Hi Bloggers:
Well, here we are in our first full week of summer. Feels good, doesn't it?
I want to give a big "thumbs up" to both Kirsten and Elizabeth for leaping into the blog and commenting on Thomas' early Brave New World question, and writing two posts of their own. If you are unsure of what to do, study what they did. They are "doing it right." They are engaged with the text and with one another, and their word counts are in the correct range -- which is not to say you couldn't write more. I've seen some full scale treatises on the blog in former years. Go nuts. Use your best thinking.
Please notice that I put my initials in front of my subject line...as the blog fills up, you may want the ability to scan the blog subject lines over there on the right hand side of the screen, and find me quickly. If I am writing something that I need you to read, I will say so in the subject line.
A comment about correctness: a student asked me whether contractions were acceptable. I am going to take that question as an opportunity to speak to you about my expectations.
Like most writing teachers, I prefer the natural voice in writing. Most writing teachers want to "hear" the authentic voice of their student, coming alive on the page; I love to see a human being grappling with big ideas. So I do not mind colloquialisms, contractions, and the hundreds of small informalities and liberties we take with the English language.
BUT having said that, I need to see that you are in control of the process. Sloppy and incorrect writing, bad grammar, crazy spelling, confused thinking, disrespectful and inappropriate language will be noted and when necessary, censured. This is a writing class. And although it is considered "a lower order" concern, bad spelling makes me especially angry these days because of the little wiggley red line that accompanies every nonstandard spelling. For example, the word "wiggley" is underlined in red on my screen right now. I know that the computer wants me to remove the "e," but I don't want to remove it. I prefer to see the "e" in the word "wiggley," and so I am leaving it there because I am the writer, and not a slave to the technology. But when a stduent lets a mistake go by, like "student" back there, and I KNOW good and well that the little wiggley red line was there, and the writer hit the PUBLISH button anyway...well, it is a sign of obliviousness, and that always disturbs me.
Do not feel like you have to adopt an unnatural voice to participate here. Do not feel like you suddenly have to prove that you are a genius. Do not adopt a didactic tone, or feel pressure to "teach" the rest of us something. Do not reach for language that you are not in control of. Do not write with a thesaurus open, choosing a fancy word that you think sounds better than the ordinary word. It is almost impossible to correctly use a word that you have not seen and used in speaking and writing at least 20 times before. There are likely connotations that you may be unaware of. When you are using words you do not know, keep in mind that somebody DOES know (me, probably), and if you use it incorrectly, it's going to be obvious. I may not say anything to you, because if I commented on every single error I encountered, well, I'd have to clone myself for sure, and we're not in the Brave New World...YET.
Error creeps into our writing. It just does.
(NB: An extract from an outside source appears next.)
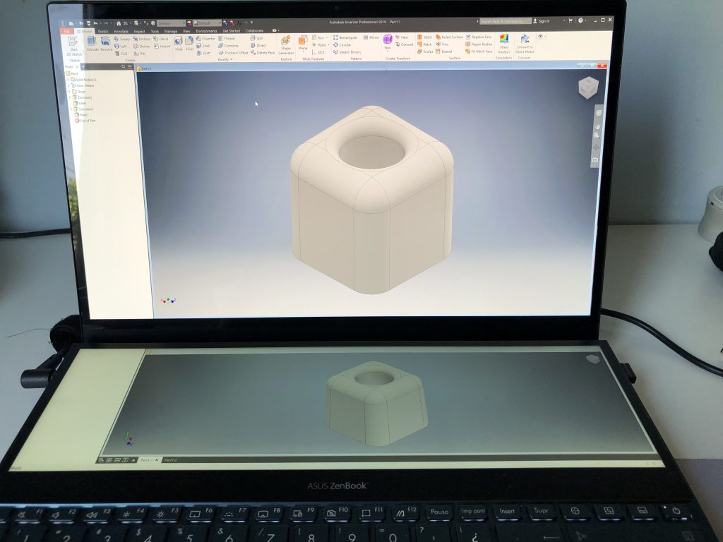 Haciendo uso de la pantalla extendida ScreenPad+ podemos, por ejemplo, tener dos vistas simultáneas en Inventor, o activar la consola en Chrome sin perder espacio de visualización. Podemos también extender la ventana utilizando ambas pantallas. Esta pantalla secundaria también es ideal para dibujar, debido a que tiene una textura más mate, rugosa, simulando la de un papel.

I am pretty rigorous about checking for my own errors, and I go after them before I publish, and I go back and edit them out. (I do this in text messaging, on Facebook, everywhere.) Frequent error means one of two things: you don't know any better, or you don't care -- neither of these are good news to a writing teacher. I want you to be a rigorous editor of your own work. Do not leave errors sprinkled throughout your prose, like dirty socks on the living room floor. Pick them up yourself. I will help you "see" your errors, of course, when it becomes clear to me that you don't know you are making an error, but a writing teacher is much more useful to you as a reader of your ideas, who can comment on your thinking and your clarity and your organization and your redundancies. And I will tell you where the commas go, because many inexperienced writers still struggle with commas, and with fragments, and with run-ons. These errors are ordinary, and I see them everywhere. But once I teach you how to fix an error, I want you to be the one to find and fix it in the future. Don't ask me to be your writing maid, picking up your dirty socks that you've left laying around everywhere.
The usage errors work themselves out with time and experience, or you merely resign yourself to always looking them up, as I just did for the last sentence of the preceding paragraph: lay-lie, effect-affect, leapt-leaped, apart-a part, and hundreds of other details of correct English usage.
That's it for today. Enjoy your first Sunday of your summer vacation.